A BI tester applies two types of stress. The former is the external stress, which is mainly based on higher temperature and higher voltage than in user mode [3][4][5]. This kind of stress is commonly introduced by means of a climatic chamber, which warms the chips up to their specification limits, and by tunable voltage regulators mounted on the cold part of the test equipment to introduce voltage margins. This type of stress is directly related to Arrhenius's law about material aging. The latter is the internal stress, which is produced by activating during the BI phase the different operational modes of the device under test (DUT) [6][7]. The main idea of BI is to combine external and internal stress in order to accelerate the activation of extrinsic defects under the bathtub curve hypothesis. Internal electrical stress can be driven through the DUT by means of the JTAG interface. The interface

allows to write suitable values into the Test Data Registers that configure the Boundary-Scan.

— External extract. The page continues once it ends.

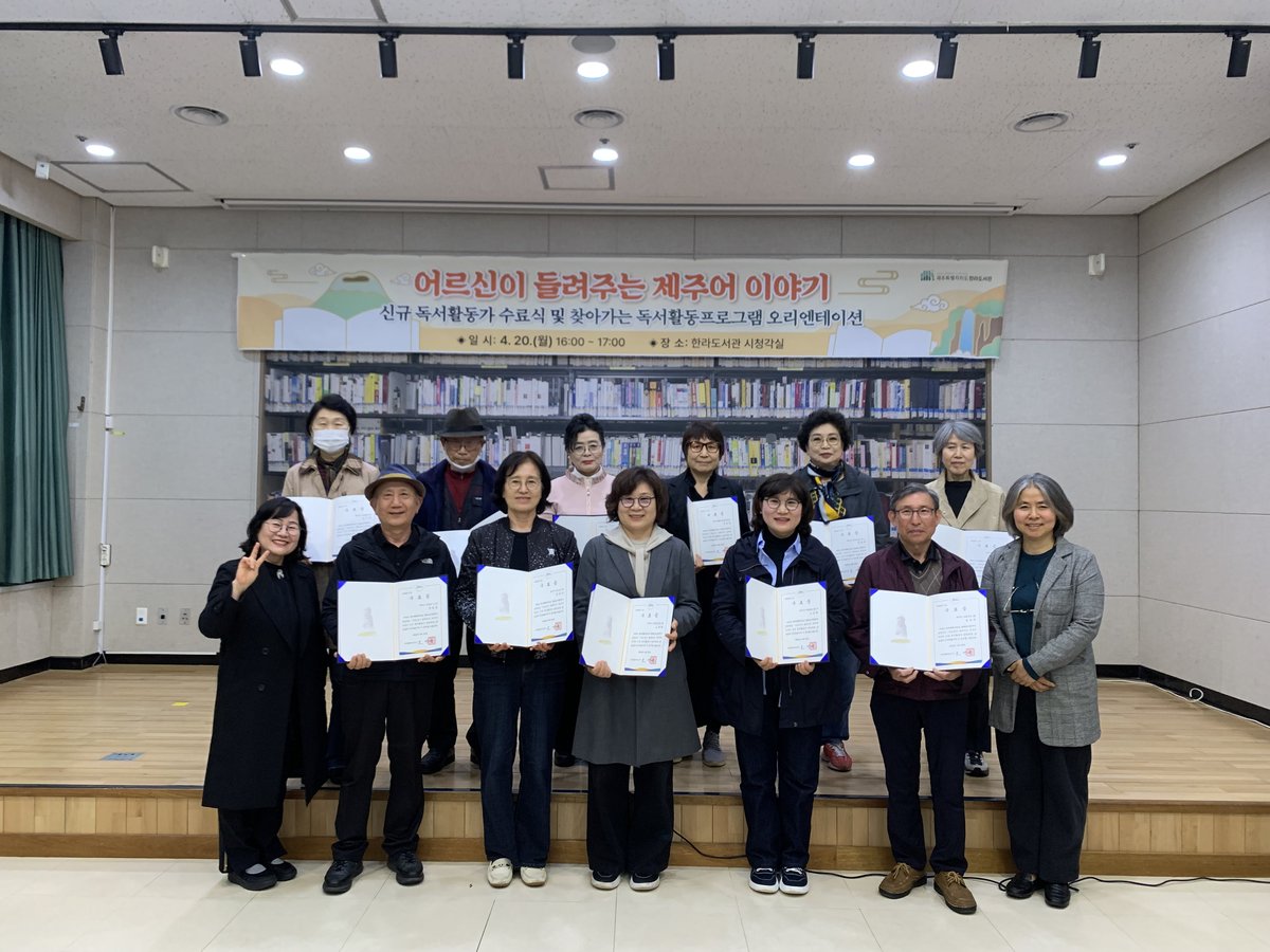 [PEDIEN] 제주 어르신들이 직접 제주어 동화구연가로 나선다. 한라도서관은 20일 도서관 강의실에서 올해 ‘어르신이 들려주는 제주어 이야기’ 신규 활동가 양성과정 수료식을 열었다.

This paper provides two main contributions: first, a "deductive" approach to speed-up internal stress simulation by means of parallel pattern loading (as opposed to serial pattern loading, which is a sort of "exhaustive" approach) is illustrated and theoretically motivated. Secondly, a topology-based metric refinement method which accounts for the circuit density is proposed.

Experiments on the proposed approach are reported which have been performed on a real world automotive processor. The device configuration utilized during the experiments is the so-called *Burn-In Test Mode* which uses a single scan chain composed of almost 700K Flip-Flops that runs through the entire system and uses the boundary scan TDI pin to shift inside the DUT the desired test pattern. To verify the validity of our approach, we performed the following experimental activities:

- We analyzed the required simulation times for different amounts of patterns using the deductive approach and compared the results to the estimated simulation times of the exhaustive approach.
- We calculated the stress metrics for different amounts of patterns both in a "naïve" way and in a *density-aware* way, then comparing the obtained results.

The obtained results show that our deductive approach allows to considerably reduce simulation times, while our density-aware metrics refinement allows to obtain insights on how the various parts of the design-under-test are stimulated by the test patterns.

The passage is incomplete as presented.